- Material for the task -
■ ■ ■ ■ ■

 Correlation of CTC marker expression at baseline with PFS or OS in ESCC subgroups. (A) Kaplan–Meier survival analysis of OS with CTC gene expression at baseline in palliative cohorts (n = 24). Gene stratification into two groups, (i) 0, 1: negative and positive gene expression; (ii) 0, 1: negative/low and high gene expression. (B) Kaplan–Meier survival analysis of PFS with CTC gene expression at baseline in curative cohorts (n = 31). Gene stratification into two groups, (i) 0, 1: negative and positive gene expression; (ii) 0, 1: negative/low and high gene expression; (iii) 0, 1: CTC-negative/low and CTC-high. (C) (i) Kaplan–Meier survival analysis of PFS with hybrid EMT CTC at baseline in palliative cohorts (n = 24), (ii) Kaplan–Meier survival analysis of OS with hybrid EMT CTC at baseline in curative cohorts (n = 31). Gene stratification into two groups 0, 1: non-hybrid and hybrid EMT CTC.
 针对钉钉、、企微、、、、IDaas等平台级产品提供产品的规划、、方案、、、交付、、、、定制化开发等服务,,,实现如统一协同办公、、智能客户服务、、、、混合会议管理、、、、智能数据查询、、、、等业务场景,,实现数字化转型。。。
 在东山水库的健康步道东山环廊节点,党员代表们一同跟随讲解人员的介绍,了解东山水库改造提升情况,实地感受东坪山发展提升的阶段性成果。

■ ■ ■ ■ ■

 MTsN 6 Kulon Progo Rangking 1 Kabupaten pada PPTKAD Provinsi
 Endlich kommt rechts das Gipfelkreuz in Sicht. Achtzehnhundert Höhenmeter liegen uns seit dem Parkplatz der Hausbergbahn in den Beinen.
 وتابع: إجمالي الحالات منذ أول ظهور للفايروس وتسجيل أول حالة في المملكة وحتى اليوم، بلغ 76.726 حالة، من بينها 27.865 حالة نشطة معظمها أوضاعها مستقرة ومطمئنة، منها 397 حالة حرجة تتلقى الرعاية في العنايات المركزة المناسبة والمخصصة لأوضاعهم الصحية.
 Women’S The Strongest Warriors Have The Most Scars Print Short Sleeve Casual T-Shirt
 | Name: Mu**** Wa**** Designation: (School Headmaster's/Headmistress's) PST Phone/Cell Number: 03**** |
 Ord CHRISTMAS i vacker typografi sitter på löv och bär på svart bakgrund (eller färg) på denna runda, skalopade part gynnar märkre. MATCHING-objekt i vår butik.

■ ■ ■ ■ ■

- Required action -
Since only part of the listing is wanted, copy exactly the lines from the one holding "وتابع: إجمالي الحالات" to the one holding "Women’S The Strongest", both included.

- Finished exercise -
 وتابع: إجمالي الحالات منذ أول ظهور للفايروس وتسجيل أول حالة في المملكة وحتى اليوم، بلغ 76.726 حالة، من بينها 27.865 حالة نشطة معظمها أوضاعها مستقرة ومطمئنة، منها 397 حالة حرجة تتلقى الرعاية في العنايات المركزة المناسبة والمخصصة لأوضاعهم الصحية.
 Women’S The Strongest Warriors Have The Most Scars Print Short Sleeve Casual T-Shirt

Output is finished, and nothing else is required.